EXTRAORDINARY EVENTS

What makes an ordinary person do extraordinary things; in particular, extraordinarily bad things?

That question was answered in part by a French television programme shown last night on France 2. The 80 participants in "The Game of Death" had signed contracts to be in what they thought was a pilot for a new reality show. The contracts stipulated that they should administer electric shocks to a hidden contestant, whenever the latter failed to answer a question correctly. Egged on by a glamorous presenter, and an enthusiastic audience, they did just that, despite the voltages getting bigger and bigger, and the hidden contestant screaming and begging them to stop. Fully 80% of the participants hit the button for the maximum shock of 460 volts, a potentially lethal amount.

The show was a sham. There was no electricity, and the hidden contestant was an actor. What the documentary producers wanted to show was how ordinary people could do awful things, if put in a position where they have to defer to authority. In other situations, that authority could be a military person; in this case, it was the combination of national TV and a persuasive hostess. The result is disturbing.

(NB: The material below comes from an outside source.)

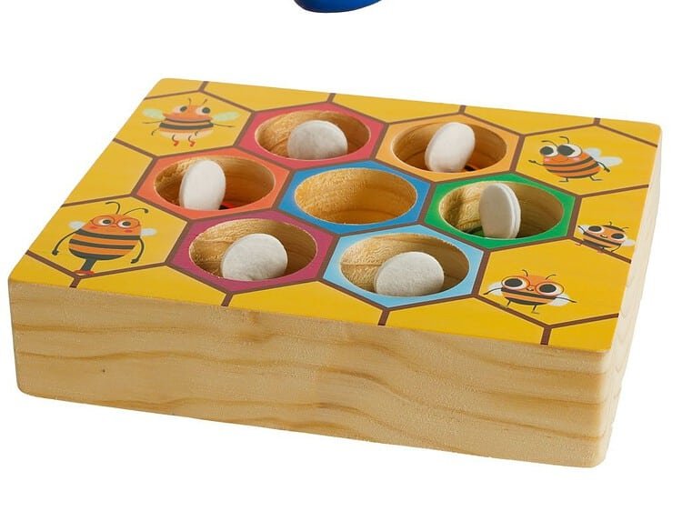 Un joc educațional din lemn, decorat cu o imagine. Jocul constă în introducerea a 7 albine de culoarea potrivită în găuri cu ajutorul unei pensete. Jocul va stimula gândirea logică, va învăța răbdarea și va ajuta la învățarea numelor de culori. Dimensiuni: 16,5×13,5×3,5 cm.

The first foreign country I ever visited was Germany, as a teenager on a language exchange. As a Brit, I had grown up to believe that Germans were bad, a view reinforced by the fact that my mother's house had been bombed in the Coventry blitz while she was a girl. Yet I liked Germany and I liked the Germans I met. A couple of men in the factory where I later worked had been on the Eastern Front, and I tried to work out how these mild-mannered people could have got caught up in something so awful as Hitler's Third Reich. Why didn't more people disobey or rebel?

The answer, confirmed it seems by the game show experiment, is that we are programmed to obey. If the message is attractive enough and the figure of authority is persuasive enough, then it takes a very large amount of willpower not to be bowled along by it. Before you know what you are doing, you have imperceptibly shifted from being an ordinary person, living in harmony with your Jewish neighbours, to denouncing them and helping send them off to concentration camps. You wouldn't do that of your own accord; but if the system to do it is put in place, then you go along with it.

This has lessons in my view for today. In particular, one should beware of people in public life, who peddle simple messages. The world is a complicated place; and if there were an easy solution to a problem, then someone would have found it by now. Iraq is perhaps the best modern example of a simple message that went wrong. But there will be others.